The Horizon League is an 11-school collegiate athletic conference in the National Collegiate Athletic Association (NCAA) Division I, whose members are located in and near the Great Lakes region.

The Horizon League founded in 1979 as the Midwestern City Conference. The conference changed its name to Midwestern Collegiate Conference in 1985 and then the Horizon League in 2001. The conference started with a membership of six teams and has fluctuated in size with 24 different schools as members at different times. The League currently has 11 members. Its most recent membership changes occurred on July 1, 2022 with the departure of the University of Illinois Chicago (UIC) to the Missouri Valley Conference.

The Horizon League does not sponsor football.

History

Foundation
In May 1978, DePaul University hosted a meeting with representatives from Bradley, Dayton, Detroit, Illinois State, Loyola–Chicago, Air Force, and Xavier who all agreed in principle that a new athletic conference was needed.
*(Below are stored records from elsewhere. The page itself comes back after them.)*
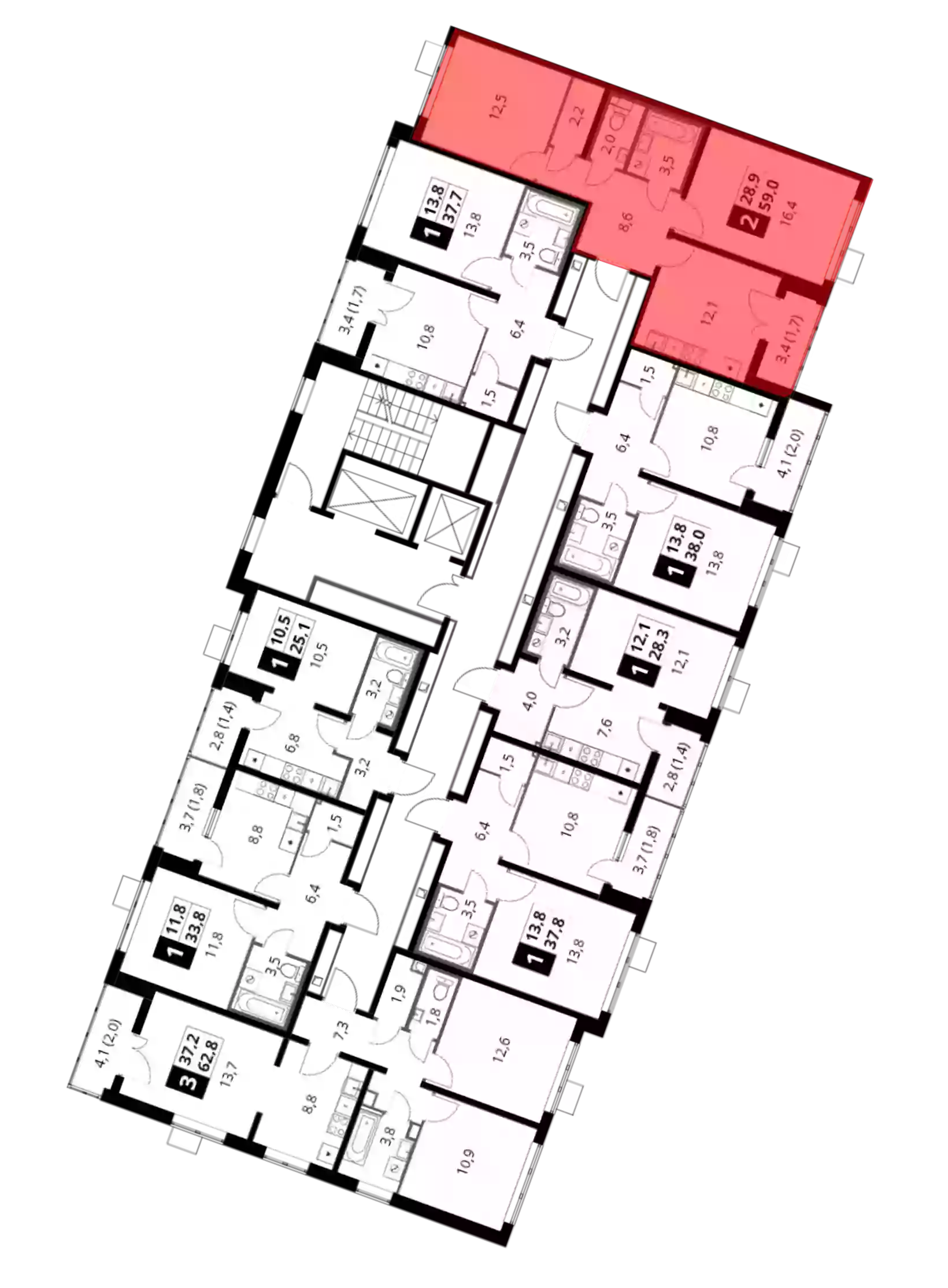 - Общая площадь 57.9 м²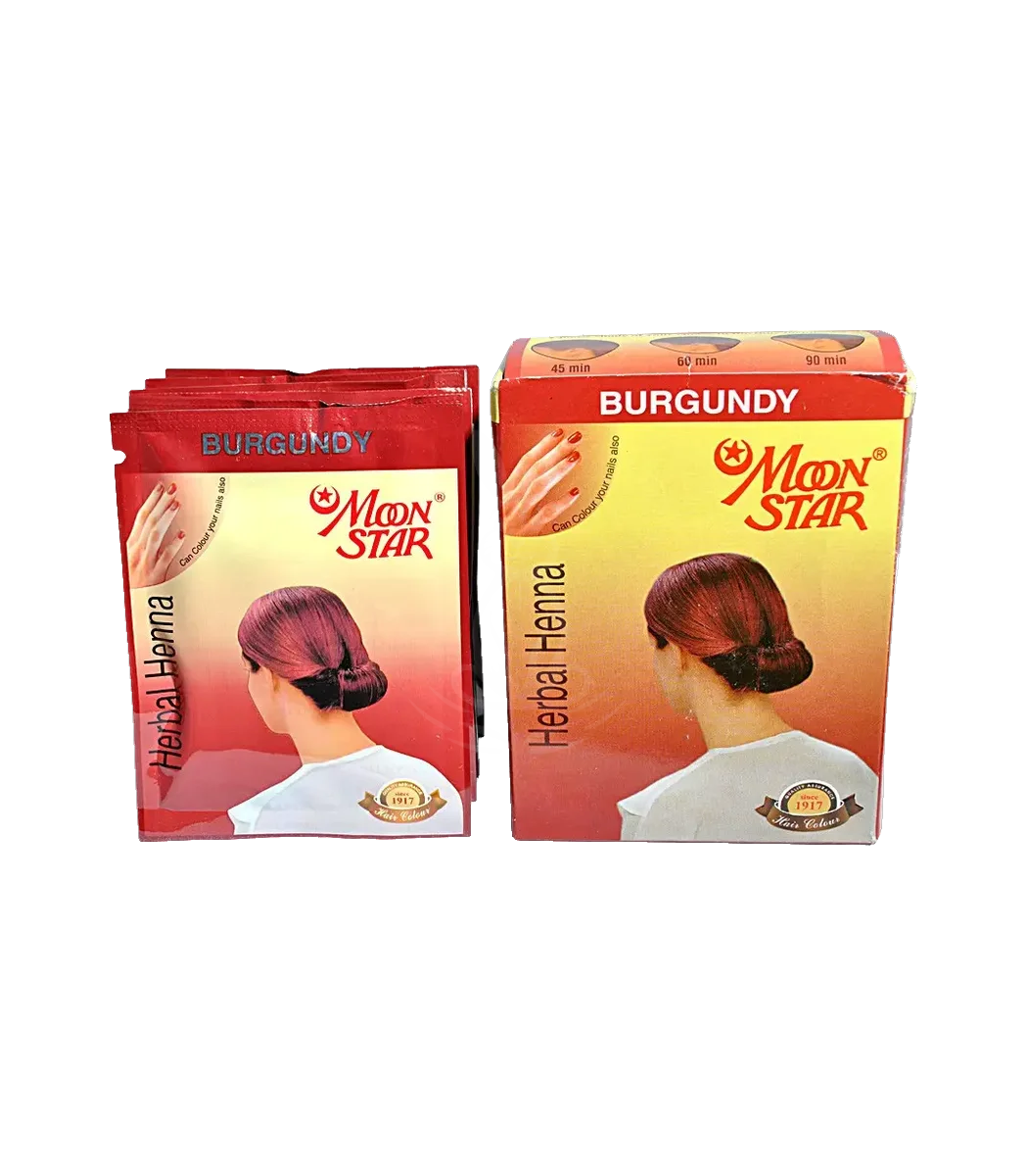 Фарба для волосся у відтінку Бургунд від бренду Moon Star – це високоякісний продукт, який надає волоссю насичений бордовий колір. Фарба забезпечує стійке покриття та блиск, живить волосся завдяки наявності натуральних компонентів.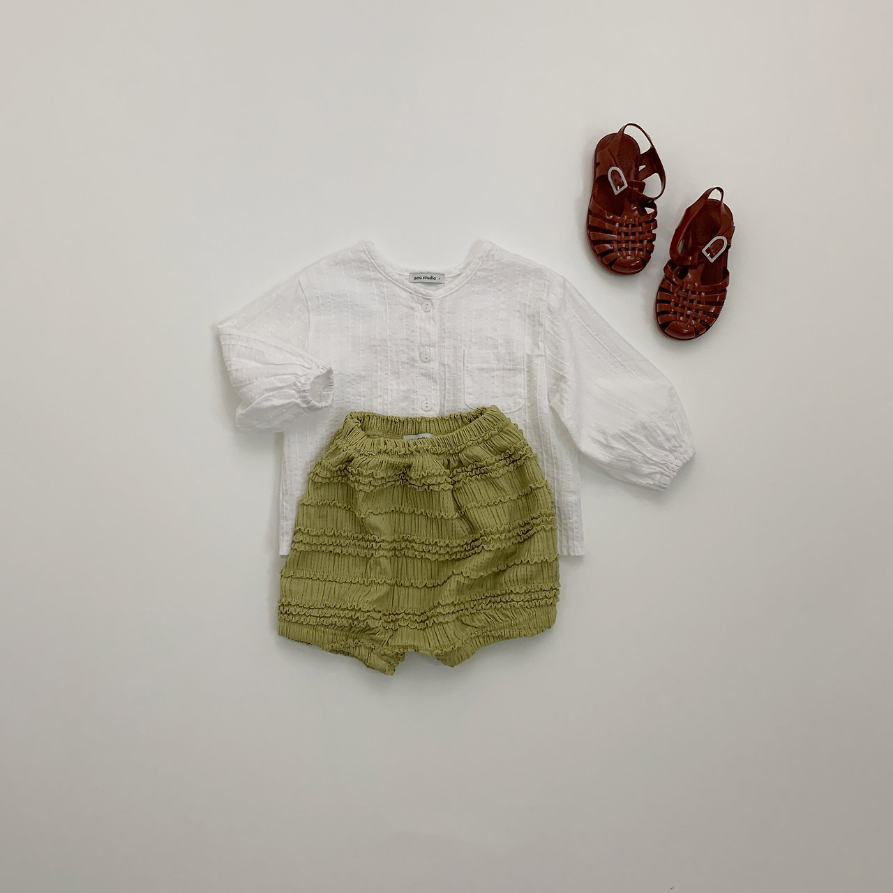 라운드 넥과 버튼 디테일로 깔끔하면서도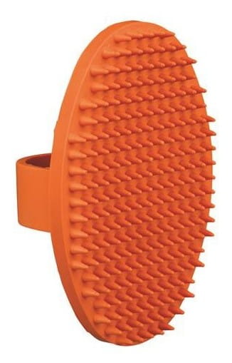 Owalna szczotka do masażu wykonana z gumy, zakładana na dłoń. Polecana dla ras krótkowłosych.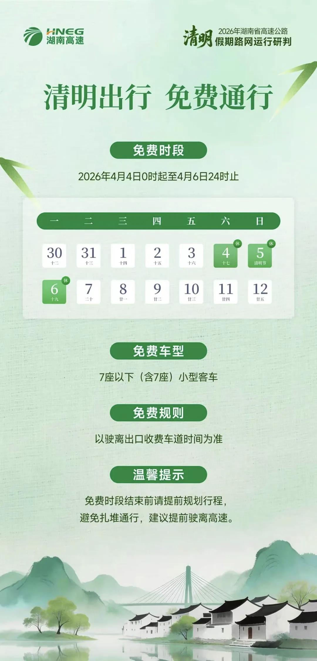 2026年清明假期临近,湖南省高速公路集团有限公司正式发布2026年清明假期高速公路出行服务指南,为公众假期祭扫、踏青出行提供全面精准的出行指引与全链条服务保障。 本次清明假期为期3天,全省高速公路将对7座及以下小型客车实施免费通行政策,免费时段为2026年4月4日0时至4月6日24时,免费通行资格以车辆驶离出口收费车道的时间为准,公众可据此合理规划行程节点,充分享受免费通行政策。 结合历年清明假期路网运行规律与当前公众出行需求综合研判,2026年清明假期湖南省高速公路出入口总流量预计将达1575万辆。受假期免费政策、清明祭扫传统出行与春日踏青休闲出行需求叠加影响,假期全省高速路网车流将维持高位运行,预计每日出行高峰集中在9时至11时,返程高峰集中在15时至19时,建议公众错峰安排出行计划,避开拥堵时段与路段。 针对假期公众出行的核心需求,湖南高速同步完善了多项服务保障举措,全力护航公众畅行假期。补能服务方面,提前完成全省高速公路服务区充电设施的全面检修与维护,保障新能源车辆出行补能顺畅;保通保畅方面,将强化路网全时段实时监测与应急值守,及时发布动态路况信息,快速处置各类突发状况,为公众避堵出行提供实时指引;同时,结合省内春日踏青热门目的地的分布情况,同步梳理了沿线高速通行指引,助力公众便捷抵达踏青点位,安心享受春日出行时光。 湖南高速同时提醒广大出行公众,假期出行请提前关注实时路况信息,合理规划出行路线与时间,自觉遵守交通规则,安全文明驾驶,共同维护安全有序、畅通高效的高速公路通行环境。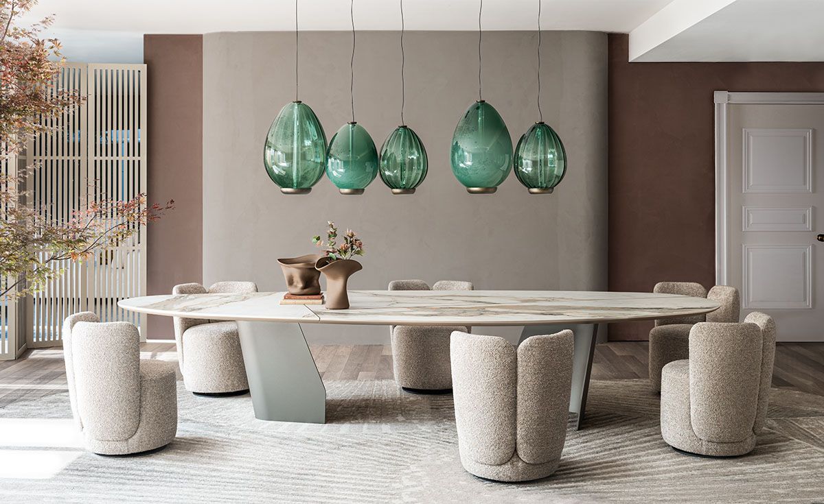 При его использовании как вращающееся кресло для обеденных столов оно выражает величественный стиль с выраженным эффектом. Идеальное сочетание этих кресел с массивным корпусом до пола - с внушительным столом со скульптурным основанием для обстановки с ярко выраженным архитектурным и сценическим характером.
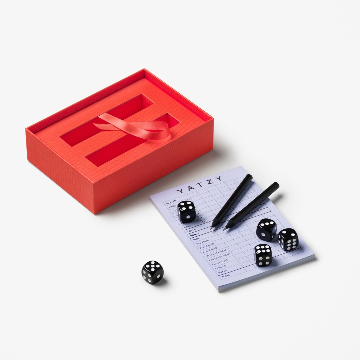 Yatzy med en modern twist – där stilren design möter klassisk spelglädje. Setet innehåller fem svarta tärningar, två svarta pennor och ett poängblock med 50 sidor. Med tydliga instruktioner på engelska, franska och tyska passar spelet upp till 6 spelare från 4 år och uppåt.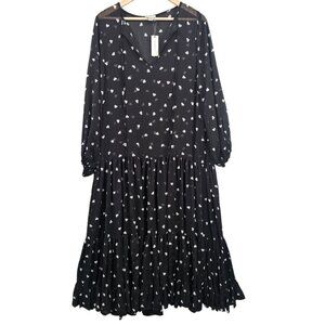 Anthropologie Maeve Womens OS Sheer Ditsy Heart Kaftan Cover Up Dress NWT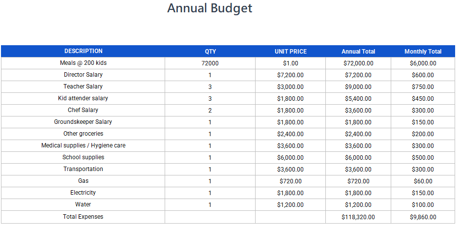 The budget below reflects our ideal state of monthly operations. As of this writing, our monthly recurring donations are well below this amount. On the heels of the Covid-19 pandemic, we have struggled from month-to-month to find a way to keep going. With your generous support, we can change that and make sure the children are fully supported. Once these fundraising goals are met, we can consider necessary spending on infrastructure improvements.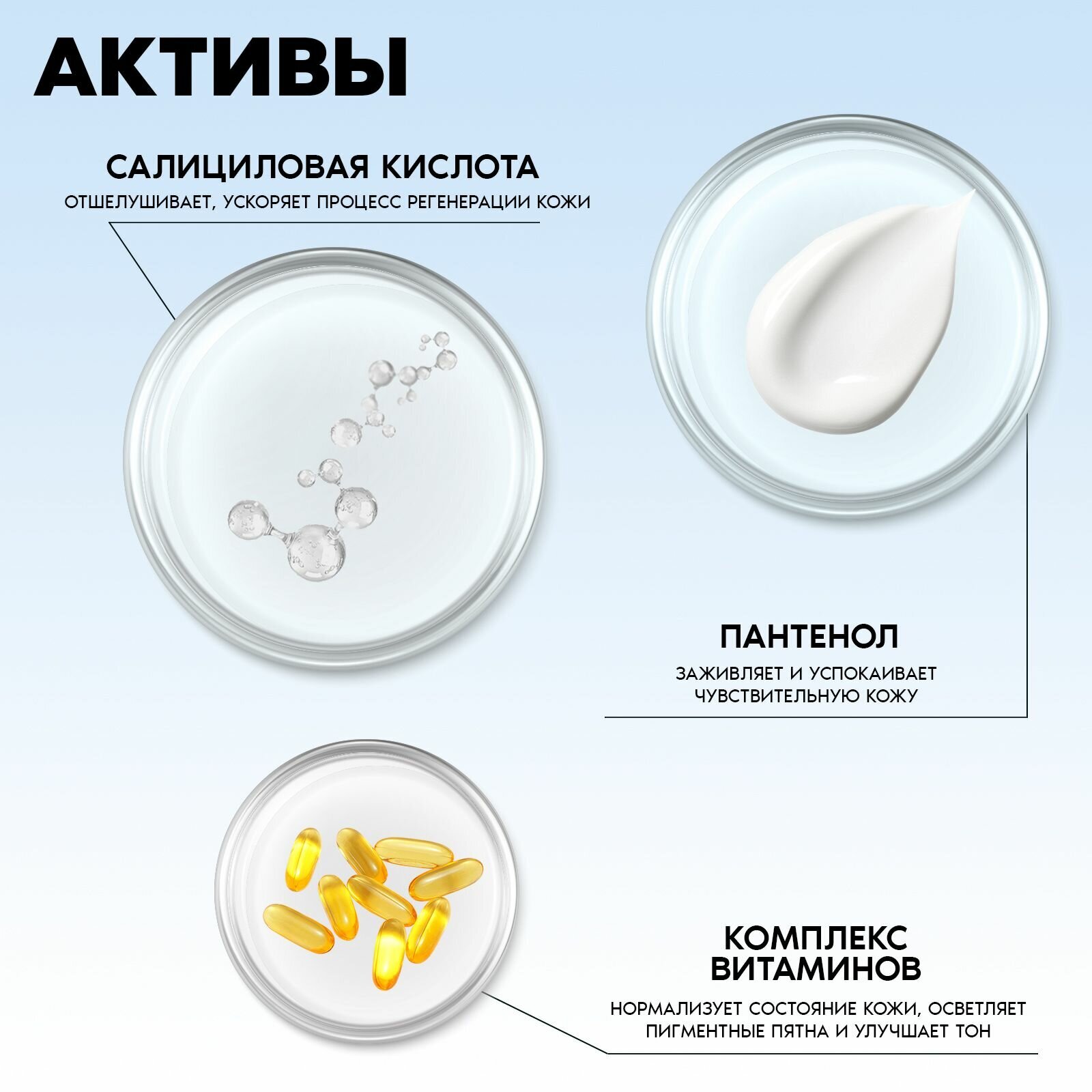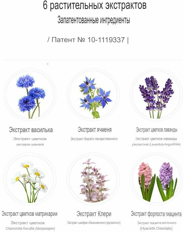 Запатентованный растительный комплекс шести экстрактов, включающий цветы василька, бораго, цветы лаванды, цветы матрикарии, шалфей и гиацинт, успокаивает кожу и снимает раздражение, способствует регенерации клеток и повышает ее иммунитет.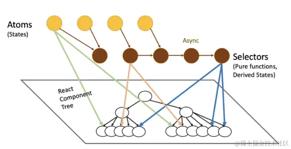 recoil的基础思想是atom数据之间没有关联,产生的关联数据全部由selector来产生,atom的变动,相关的selector随之变动,这个和响应式流的思想一致的。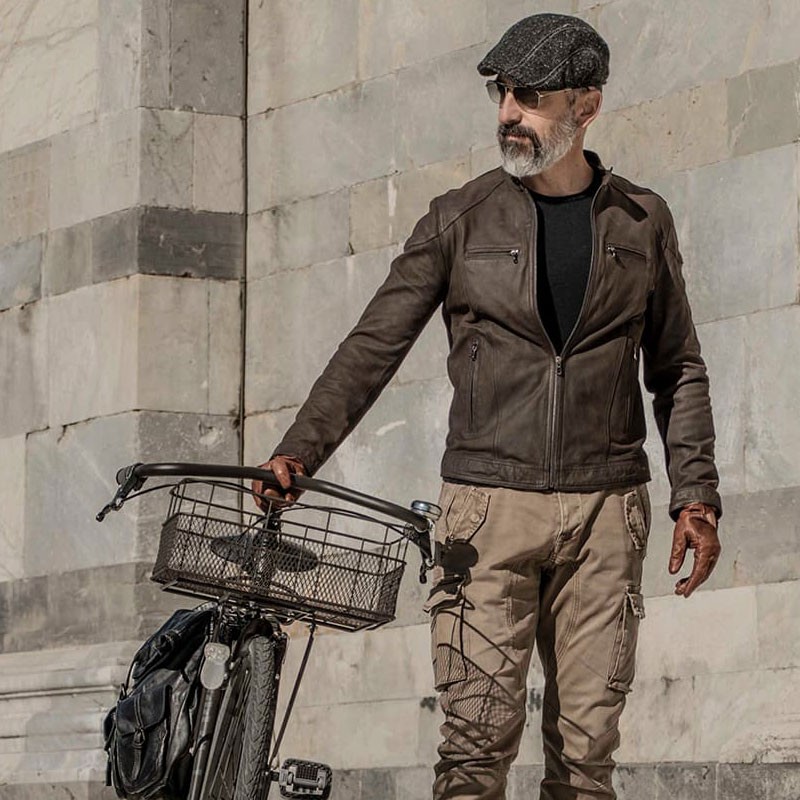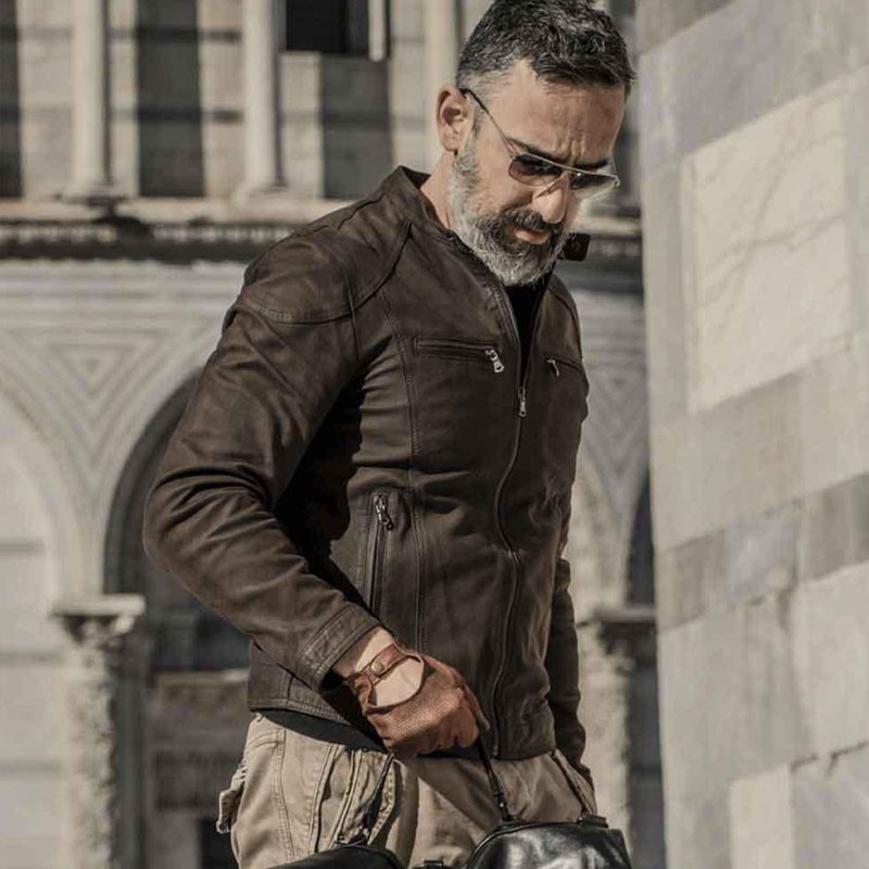 A sporty look with striking details. The Elton Gold Barone combines biker style with the velvety feel of an oil-washed finish. Perfect for those who love a unique jacket with a bold character. Men’s jacket in genuine lambskin, 100% Made in Italy.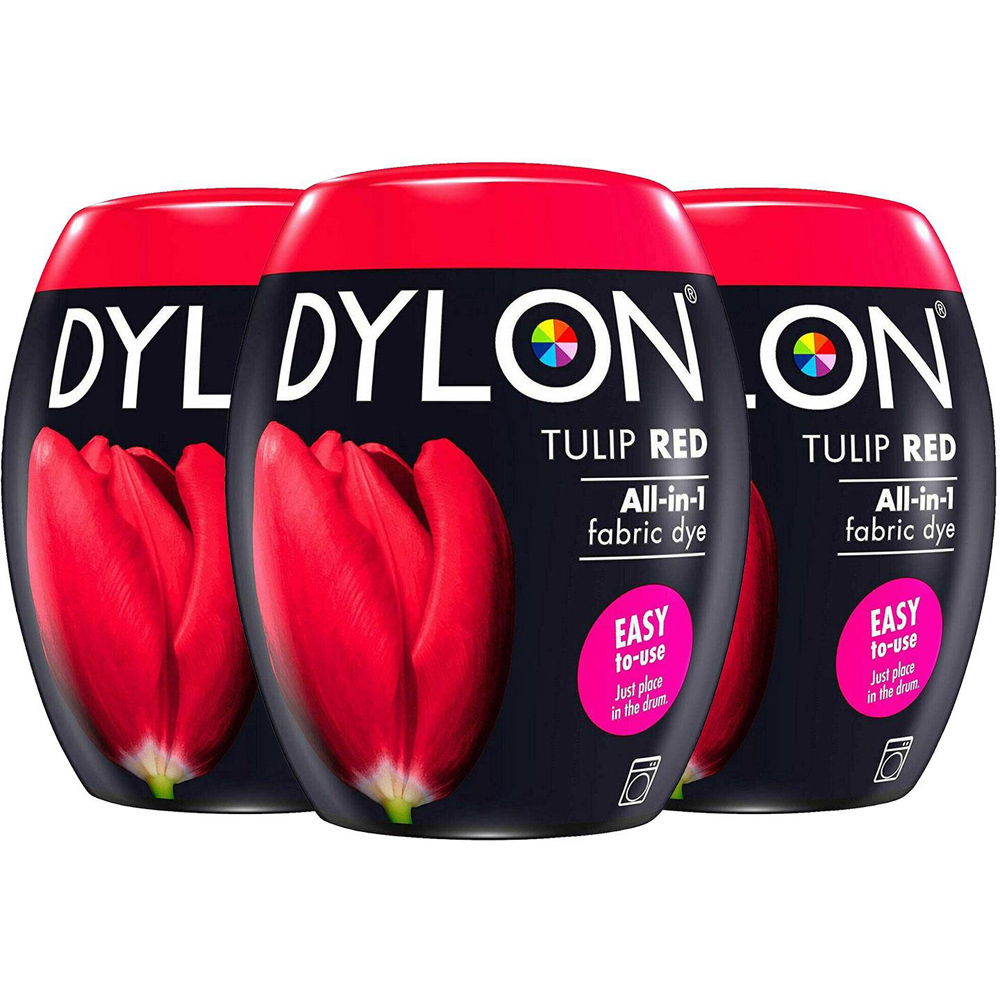 DYLON Washing Machine Fabric Dye Pod, Tulip Red, 3 Packs of 350g DYLON Fabric Dyes are an easy way to add colour to your home and wardrobe. From all colours bright and beautiful to rich and intense shades The all-in-1 formula can revive or change the colour of your clothes and soft furnishings with ease, providing perfect, long-lasting and intense colours This fabric dye pod is completely safe for your washing machine and 1 pod can dye up to 600g of fabric for the full shade effect, Suitable for: cotton, linen & viscose. Mixes with synthetics will dye to lighter shades (pure synthetics will not dye) Item does not have an expiry date, rather date mentioned on the product is the manufacturer's date. Use with Pre-Dye if you want to change from one strong colour to another or if you want to achieve a lighter colour How to use: 1. Remove the pod's outer sleeve and peel off the lid. 2. Put damp fabric into the machine drum and put the DYLON colour pod on top of the fabric. 3. Run a full cycle at either 30 or 40 degrees Celsius. Once the cycle has finished, run another 40-degree cycle with your normal detergent 4. Recommended to run an empty cycle with detergent to ensure all dye is clear from the washing machine. Always read full instructions before use. Note: Use with Pre-Dye if you want to change from one strong colour to another or if you want to achieve a lighter colour.

Further progress was made through a series of early 1979 meetings in San Francisco, Chicago, and St. Louis that included participation by Butler, Creighton, Marquette, and Oral Roberts. On June 16, 1979, the Midwestern City Conference (nicknamed the MCC or Midwestern City 6) was formed by charter members Butler, Evansville, Loyola, Oklahoma City, Oral Roberts, and Xavier, with Detroit joining the following year. As of 2022, Detroit, now known as Detroit Mercy following a merger with Mercy College of Detroit in 1990, is the only remaining member from the league's early history.

Maturity
In 1980 the league established its headquarters in Champaign, Illinois.  The MCC gained an automatic bid to the NCAA Division I men's basketball tournament in 1981, followed by the announcement that Saint Louis University would be joining the following season.  The University of Notre Dame joined the conference for all sports except basketball and football in 1982.  The conference attained automatic qualification for the NCAA Division I Baseball Championship in 1984 and the conference moved its headquarters to Indianapolis. Three changes occurred in the summer of 1985: Oklahoma City dropped out of the NCAA altogether; the name was altered slightly to Midwestern Collegiate Conference; and the conference brought women's athletics into the fold.  The latter triggered Notre Dame's temporary withdrawal from the league as its women's teams were contracted to the North Star Conference. ESPN began televising the MCC Championship game in 1986 and in 1987 Oral Roberts left the conference while Dayton joined and Notre Dame rejoined.  The conference earned its first at-large bid to the men's basketball tournament and automatic qualification to the NCAA Men's Soccer Championship in 1989. The conference won an automatic bid to the NCAA Division I women's basketball tournament in 1991 and the conference lost members Marquette and Saint Louis.  Duquesne and La Salle joined the MCC in 1992, the same year the conference gained an automatic berth to the NCAA Women's Volleyball Championship.  Duquesne and Dayton left the conference in 1993.

Expansion
The largest non-merger conference expansion in NCAA history occurred on December 9, 1993 when Cleveland State, UIC, Northern Illinois, Wisconsin-Green Bay, Wisconsin-Milwaukee, and Wright State left the Mid-Continent to join the Midwestern Collegiate beginning with the 1994–95 academic year. With Evansville's departure to the Missouri Valley Conference, there were 12 league members. Xavier, Notre Dame, and La Salle withdrew the following summer of 1995, followed by Northern Illinois in 1997.  The conference changed its name to the Horizon League on June 4, 2001, in part due to the initials causing confusion between the MCC and the Mid-Continent Conference (who also used the initials).  That year, Youngstown State University came to the Horizon League from the Mid-Con, and on May 17, 2006, Valparaiso University announced it would do the same in 2007.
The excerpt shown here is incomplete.